* Exercise requirements
From the line that contains "Product Description: Adorn" through the end of the records below, write out each line exactly as it appears, but not the pictures.

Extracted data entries
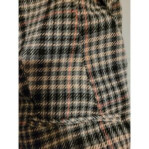 This Talbots Women's Blazer Jacket is a stylish pea coat in a size 12, featuring a gray, yellow, white and pink plaid pattern. Made of a cotton blend, it has a button closure, long sleeves, and a mid-length design. The jacket is lined with polyester, has a collared neckline, and includes pockets. Perfect for business occasions in winter, fall, or spring, this classic fit coat has a breathable fabric and accents of buttons for a sophisticated look. BRAND NEW WITH TAGS!
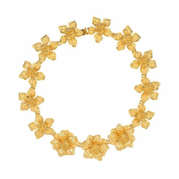 Product Description: Adorn your neckline with a strand of mesmerizing satin gold dogwood flowers. Closed with a push and lock clasp.
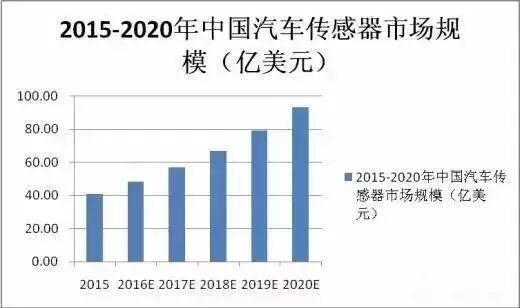 目前中国是最大的汽车生产和消费国家, 所以中国自然是汽车传感器应用大国。2016年我国汽车传感器市场规模增长到48亿美元, 预计到2020年将达到93亿美元。
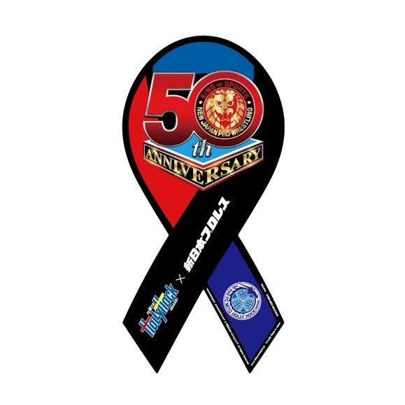 水戸ホーリーホックが新日本プロレス50周年をお祝いするコラボレーションリボンマグネット。プロレスグッズ史上初のアイテム。
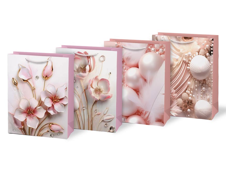 Dárková papírová taška MFP M LUX okouzlí jemným designem v odstínech růžové, bílé a zlaté. Kombinace květů, perel a peří vytváří dojem lehkosti a slavnostní atmosféry.
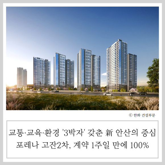 한화 건설부문 관계자는 이번 완판과 관련해 "교통·교육·환경 등 주거 여건과 함께 2021년 분양을 완료한 포레나 안산고잔을 포함해 1000여세대 '포레나 브랜드 타운' 형성이라는 기대감도 작용한 것"이라고 바라봤다.

* Exercise result
 Product Description: Adorn your neckline with a strand of mesmerizing satin gold dogwood flowers. Closed with a push and lock clasp.
 目前中国是最大的汽车生产和消费国家, 所以中国自然是汽车传感器应用大国。2016年我国汽车传感器市场规模增长到48亿美元, 预计到2020年将达到93亿美元。
 水戸ホーリーホックが新日本プロレス50周年をお祝いするコラボレーションリボンマグネット。プロレスグッズ史上初のアイテム。
 Dárková papírová taška MFP M LUX okouzlí jemným designem v odstínech růžové, bílé a zlaté. Kombinace květů, perel a peří vytváří dojem lehkosti a slavnostní atmosféry.
 한화 건설부문 관계자는 이번 완판과 관련해 "교통·교육·환경 등 주거 여건과 함께 2021년 분양을 완료한 포레나 안산고잔을 포함해 1000여세대 '포레나 브랜드 타운' 형성이라는 기대감도 작용한 것"이라고 바라봤다.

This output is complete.